Hand back all records exactly, pictures omitted.
Start of MATERIAL FOR THE TASK
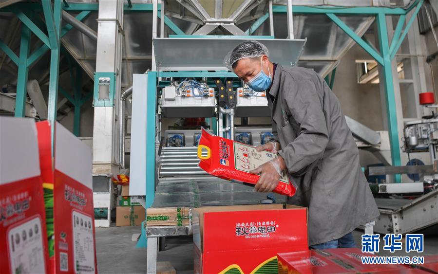 湖北當陽市壩陵辦事處群華村村民宋發(fā)林(右)和妻子在農產品合作社包裝產品,準備通過電商外銷(3月21日攝)。近日,湖北當陽市農業(yè)生產和農產品加工加速恢復。截至3月19日,當陽市86家規(guī)上農產品加工企業(yè)復工復產率為84.9%,51家農業(yè)產業(yè)化重點龍頭企業(yè)有48家復工復產,占比達94.1%。新華社記者程敏攝
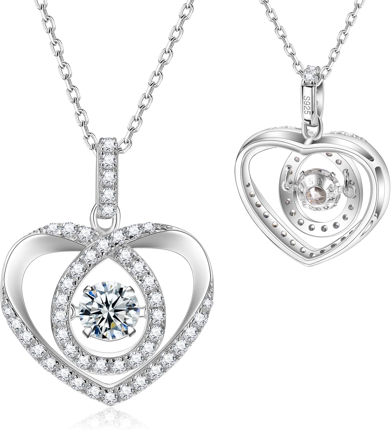 HMJ Diamond Floating Heart Necklace,Moissanite Dancing Pendent Chain for Women,S925 Sterling Sliver Lab Diamond Jewelry Halo Necklace Gifts for Valentine's Day Women Wife Mom
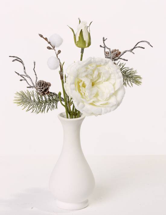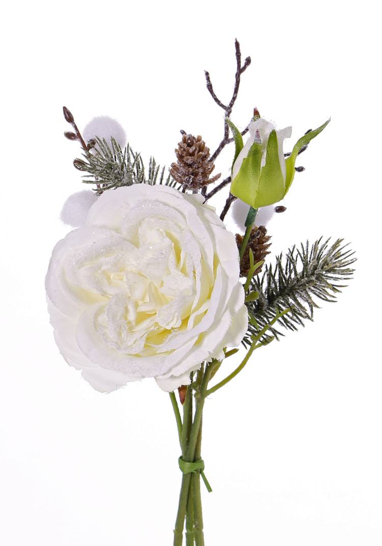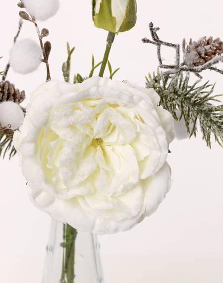 Bouquet de roses artificielles FANNI, pommes de pin, neige, blanc, 30cm, Ø15cm
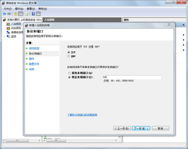 屏蔽Windows電腦445端口的方法:打開(kāi)管理工具-高級(jí)安全 Windows 防火墻,添加入站規(guī)則→TCP協(xié)議、特定本地端口(輸入445)→阻止連接→完成。即可防止最新的勒索蠕蟲(chóng)病毒。
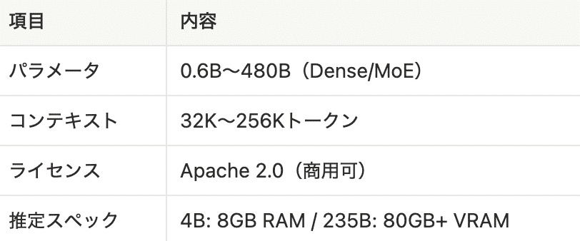 Alibaba Cloudが開発する多言語対応モデルファミリー。日本語の性能が高いと評判です。Apache 2.0ライセンスで商用利用可能なのが強みです。
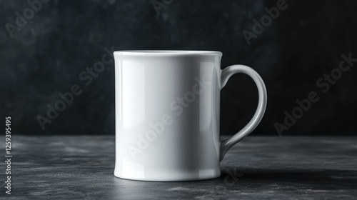 © Fenny, Obraz premium White mug on dark table, mockup for design
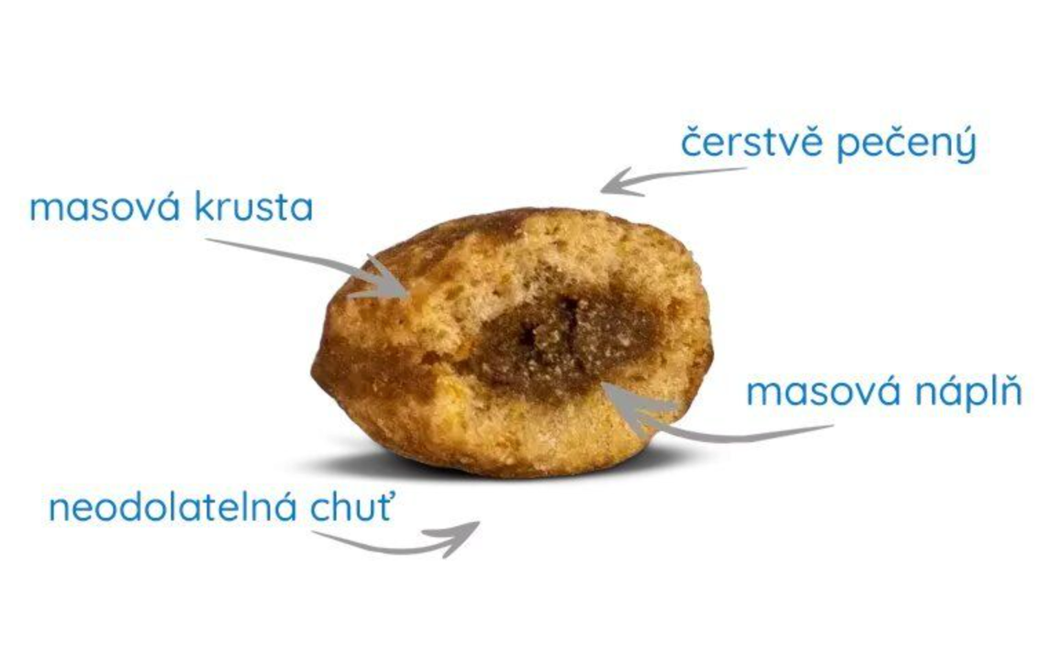 Složení: obiloviny, bílkovinné extrakty rostlinného původu, tuky a oleje, kuřecí moučka, pšenice, mléko a mlékárenské výrobky (min. 4 % sýr), minerální látky.
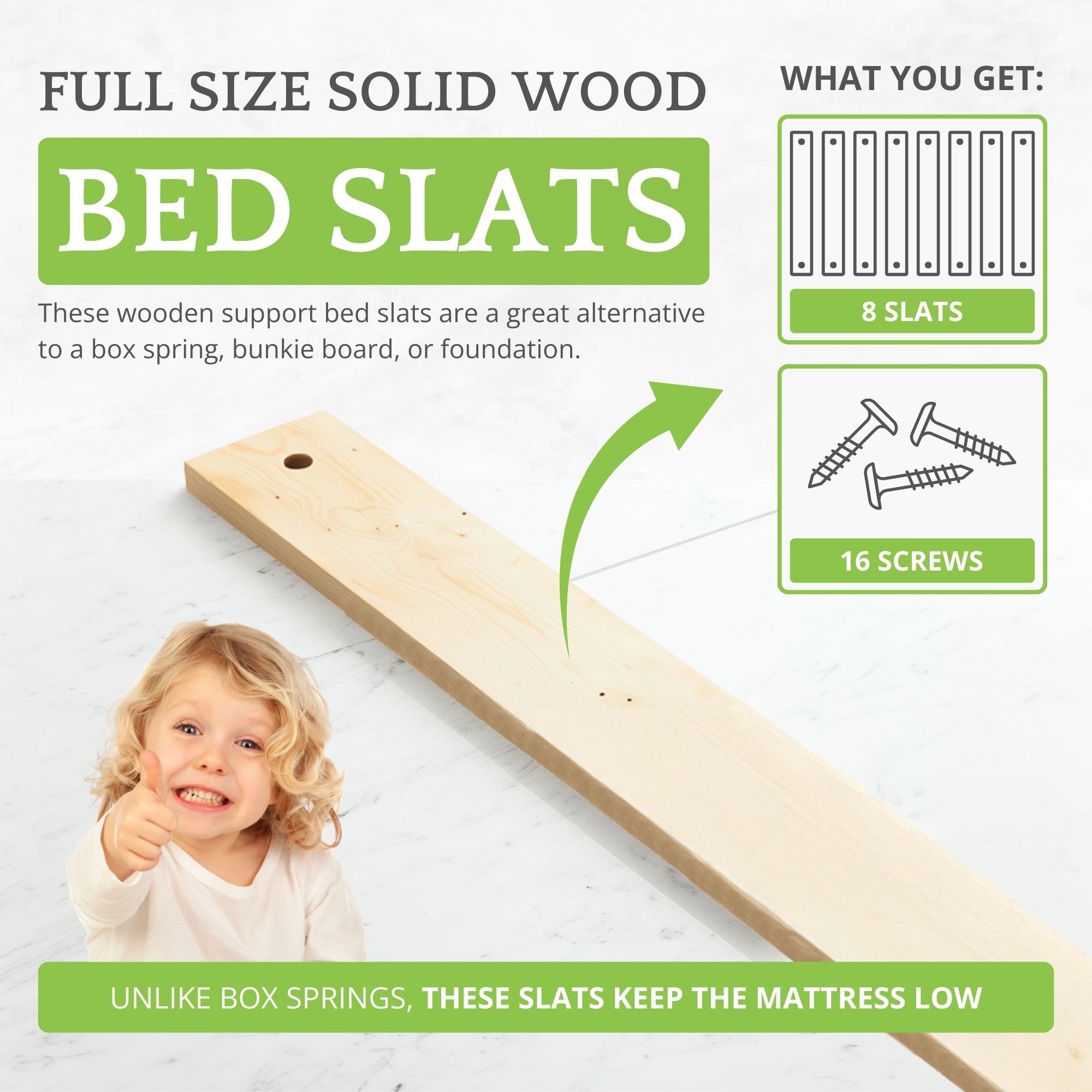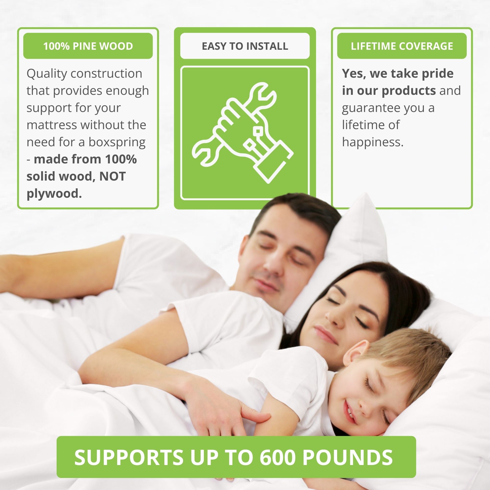 PREMIUM BUNKIE BOARD QUALITY: Our bed slats are crafted from sustainably harvested solid pine wood, offering exceptional durability and long-lasting support. These twin, full, queen, and king bed slats deliver superior strength, providing a stable foundation that prevents creaking or sagging over time. The solid wood slats are designed to maintain their integrity, ensuring a reliable investment for years of restful sleep. Plus, these bed slats come with a lifetime warranty!
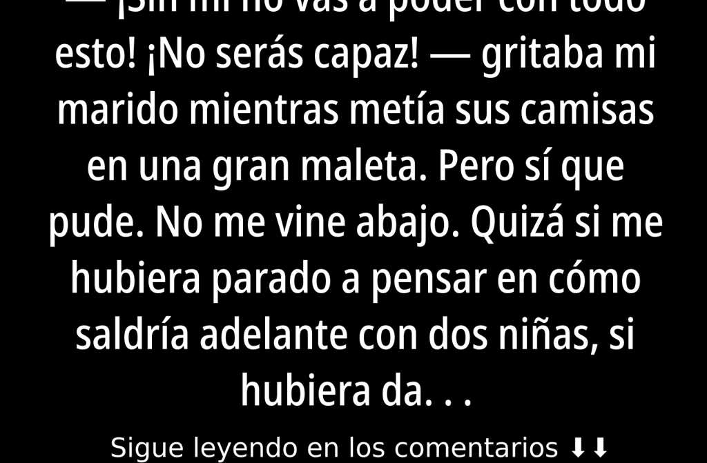 ¡Sin mí no vas a poder con todo esto! ¡No serás capaz! gritaba mi marido mientras metía sus camisas en una gran maleta.
End of MATERIAL FOR THE TASK
**SOLUTION TO THIS EXERCISE:**
 湖北當陽市壩陵辦事處群華村村民宋發(fā)林(右)和妻子在農產品合作社包裝產品,準備通過電商外銷(3月21日攝)。近日,湖北當陽市農業(yè)生產和農產品加工加速恢復。截至3月19日,當陽市86家規(guī)上農產品加工企業(yè)復工復產率為84.9%,51家農業(yè)產業(yè)化重點龍頭企業(yè)有48家復工復產,占比達94.1%。新華社記者程敏攝
 HMJ Diamond Floating Heart Necklace,Moissanite Dancing Pendent Chain for Women,S925 Sterling Sliver Lab Diamond Jewelry Halo Necklace Gifts for Valentine's Day Women Wife Mom
 Bouquet de roses artificielles FANNI, pommes de pin, neige, blanc, 30cm, Ø15cm
 屏蔽Windows電腦445端口的方法:打開(kāi)管理工具-高級(jí)安全 Windows 防火墻,添加入站規(guī)則→TCP協(xié)議、特定本地端口(輸入445)→阻止連接→完成。即可防止最新的勒索蠕蟲(chóng)病毒。
 Alibaba Cloudが開発する多言語対応モデルファミリー。日本語の性能が高いと評判です。Apache 2.0ライセンスで商用利用可能なのが強みです。
 © Fenny, Obraz premium White mug on dark table, mockup for design
 Složení: obiloviny, bílkovinné extrakty rostlinného původu, tuky a oleje, kuřecí moučka, pšenice, mléko a mlékárenské výrobky (min. 4 % sýr), minerální látky.
 PREMIUM BUNKIE BOARD QUALITY: Our bed slats are crafted from sustainably harvested solid pine wood, offering exceptional durability and long-lasting support. These twin, full, queen, and king bed slats deliver superior strength, providing a stable foundation that prevents creaking or sagging over time. The solid wood slats are designed to maintain their integrity, ensuring a reliable investment for years of restful sleep. Plus, these bed slats come with a lifetime warranty!
 ¡Sin mí no vas a poder con todo esto! ¡No serás capaz! gritaba mi marido mientras metía sus camisas en una gran maleta.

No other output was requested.